• [Information provided]
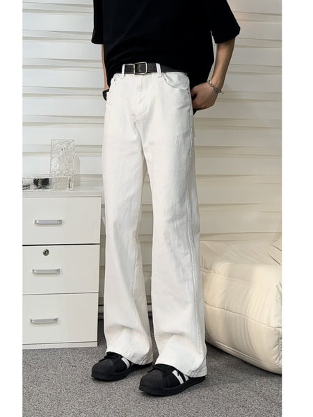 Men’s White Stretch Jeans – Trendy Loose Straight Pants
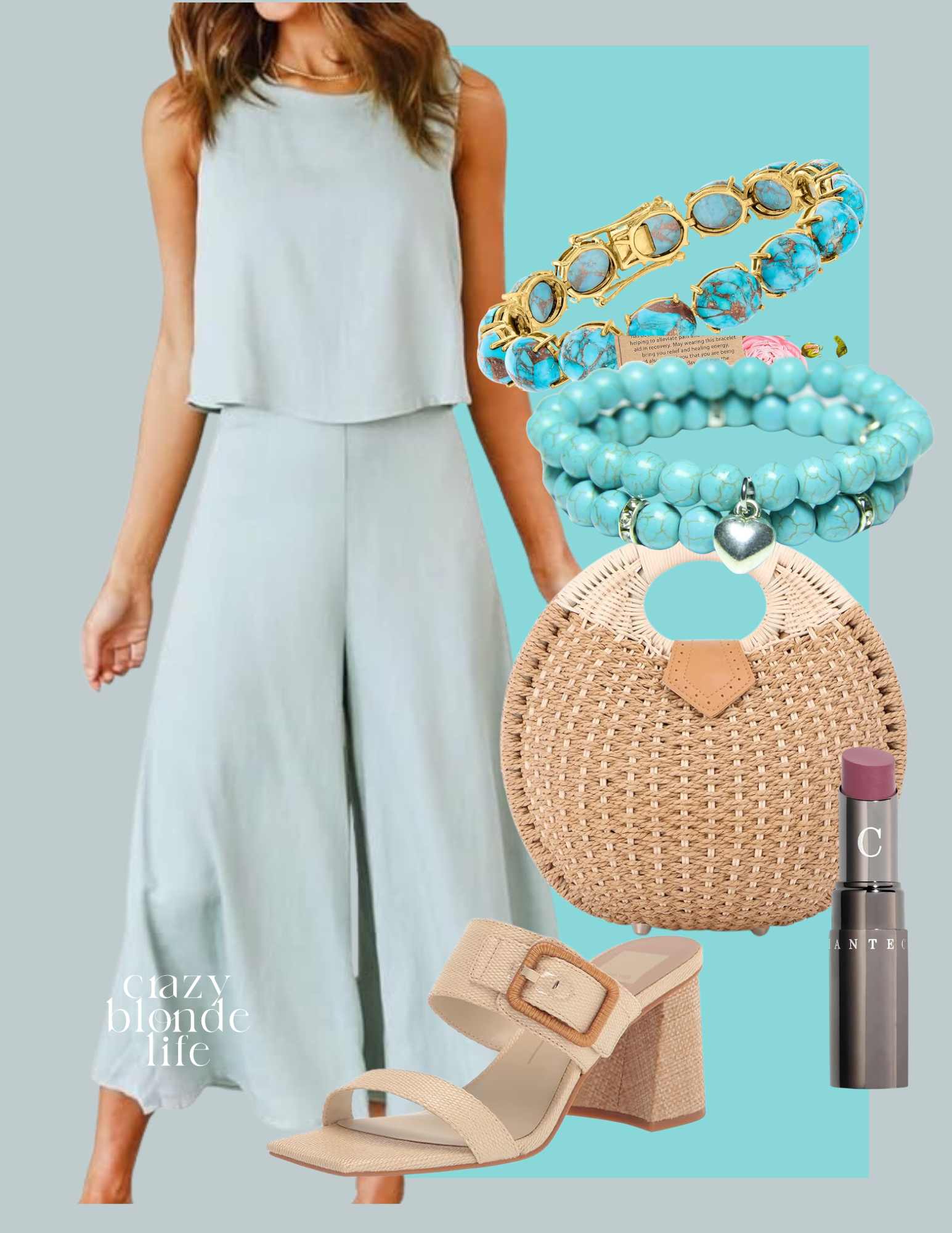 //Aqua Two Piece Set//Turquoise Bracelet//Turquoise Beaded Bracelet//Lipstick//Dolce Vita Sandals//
...
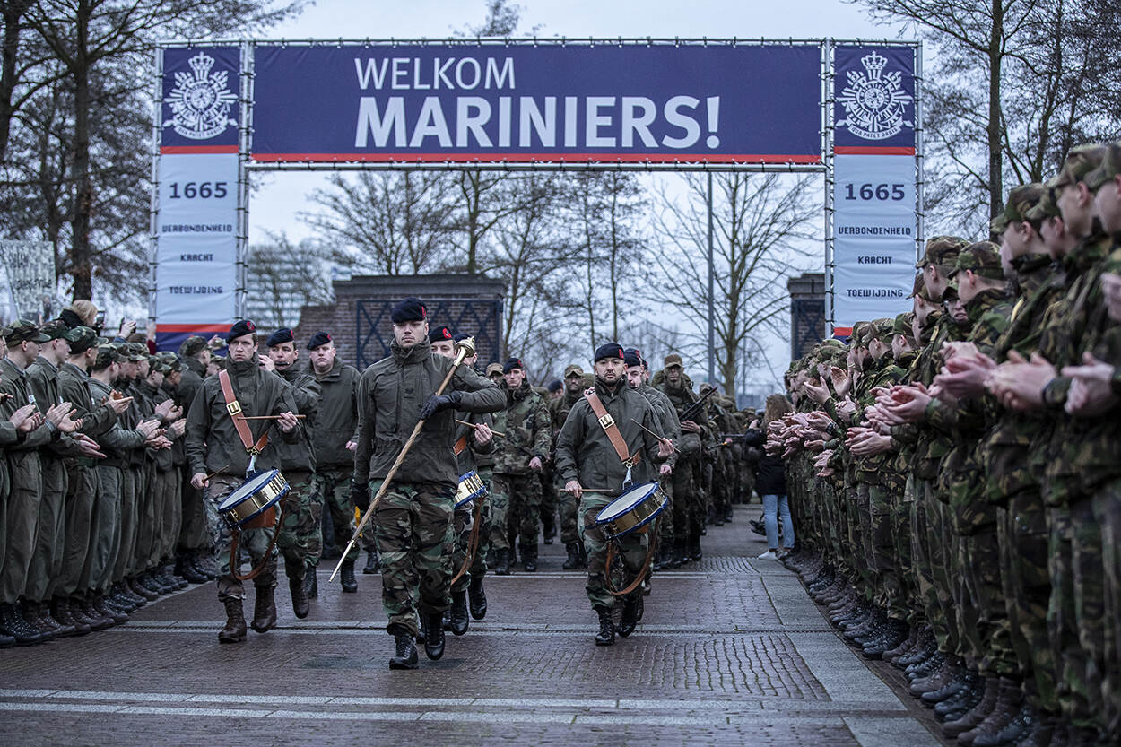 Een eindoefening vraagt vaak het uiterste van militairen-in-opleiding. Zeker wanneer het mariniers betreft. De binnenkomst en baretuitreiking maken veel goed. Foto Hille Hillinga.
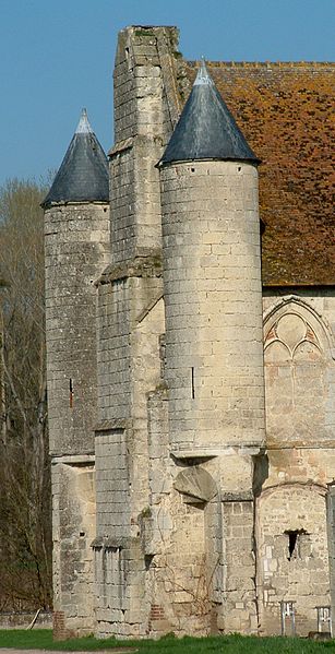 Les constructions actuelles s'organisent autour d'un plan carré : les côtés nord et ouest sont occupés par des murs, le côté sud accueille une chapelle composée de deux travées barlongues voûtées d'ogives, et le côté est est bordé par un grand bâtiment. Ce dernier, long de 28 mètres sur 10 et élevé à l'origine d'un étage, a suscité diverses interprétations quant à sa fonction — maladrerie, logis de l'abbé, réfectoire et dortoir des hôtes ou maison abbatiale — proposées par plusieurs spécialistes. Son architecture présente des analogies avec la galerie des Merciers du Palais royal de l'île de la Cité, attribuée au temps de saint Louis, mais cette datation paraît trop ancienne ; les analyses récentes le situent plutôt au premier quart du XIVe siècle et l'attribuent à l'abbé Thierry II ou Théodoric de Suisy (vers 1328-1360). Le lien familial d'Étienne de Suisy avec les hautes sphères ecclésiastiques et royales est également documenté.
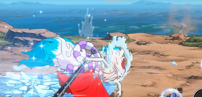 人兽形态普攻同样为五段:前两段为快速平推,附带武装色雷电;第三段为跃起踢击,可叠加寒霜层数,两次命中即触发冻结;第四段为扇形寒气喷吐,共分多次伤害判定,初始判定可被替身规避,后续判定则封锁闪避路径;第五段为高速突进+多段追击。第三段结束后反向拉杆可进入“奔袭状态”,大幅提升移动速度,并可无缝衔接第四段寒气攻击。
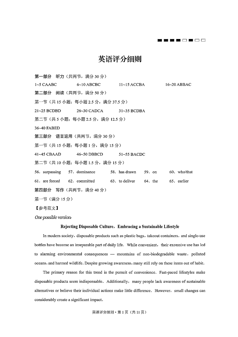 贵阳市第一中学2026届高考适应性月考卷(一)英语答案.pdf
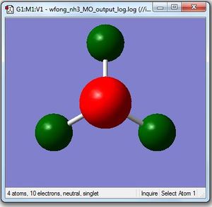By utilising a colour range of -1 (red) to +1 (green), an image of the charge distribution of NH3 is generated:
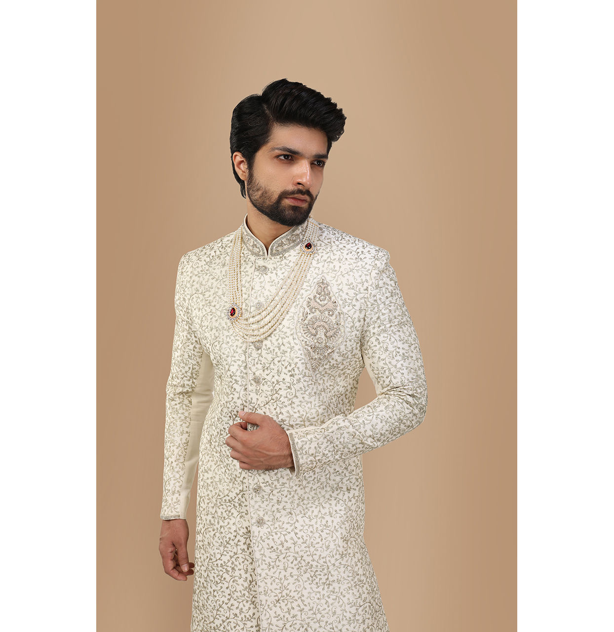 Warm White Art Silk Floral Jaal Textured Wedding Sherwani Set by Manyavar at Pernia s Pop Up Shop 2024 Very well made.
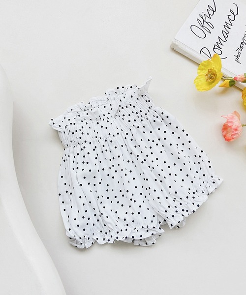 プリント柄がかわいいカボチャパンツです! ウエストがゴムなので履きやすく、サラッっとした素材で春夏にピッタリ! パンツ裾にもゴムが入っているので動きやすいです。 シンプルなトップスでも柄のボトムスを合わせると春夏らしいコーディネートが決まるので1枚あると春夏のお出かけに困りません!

• [Your objective] Among the lines above, the one with "Les constructions actuelles" opens the part to repeat and the one with "人兽形态普攻同样为五段:前两" closes it; repeat only that part exactly, with no pictures.

• [Result of this exercise]
 Les constructions actuelles s'organisent autour d'un plan carré : les côtés nord et ouest sont occupés par des murs, le côté sud accueille une chapelle composée de deux travées barlongues voûtées d'ogives, et le côté est est bordé par un grand bâtiment. Ce dernier, long de 28 mètres sur 10 et élevé à l'origine d'un étage, a suscité diverses interprétations quant à sa fonction — maladrerie, logis de l'abbé, réfectoire et dortoir des hôtes ou maison abbatiale — proposées par plusieurs spécialistes. Son architecture présente des analogies avec la galerie des Merciers du Palais royal de l'île de la Cité, attribuée au temps de saint Louis, mais cette datation paraît trop ancienne ; les analyses récentes le situent plutôt au premier quart du XIVe siècle et l'attribuent à l'abbé Thierry II ou Théodoric de Suisy (vers 1328-1360). Le lien familial d'Étienne de Suisy avec les hautes sphères ecclésiastiques et royales est également documenté.
 人兽形态普攻同样为五段:前两段为快速平推,附带武装色雷电;第三段为跃起踢击,可叠加寒霜层数,两次命中即触发冻结;第四段为扇形寒气喷吐,共分多次伤害判定,初始判定可被替身规避,后续判定则封锁闪避路径;第五段为高速突进+多段追击。第三段结束后反向拉杆可进入“奔袭状态”,大幅提升移动速度,并可无缝衔接第四段寒气攻击。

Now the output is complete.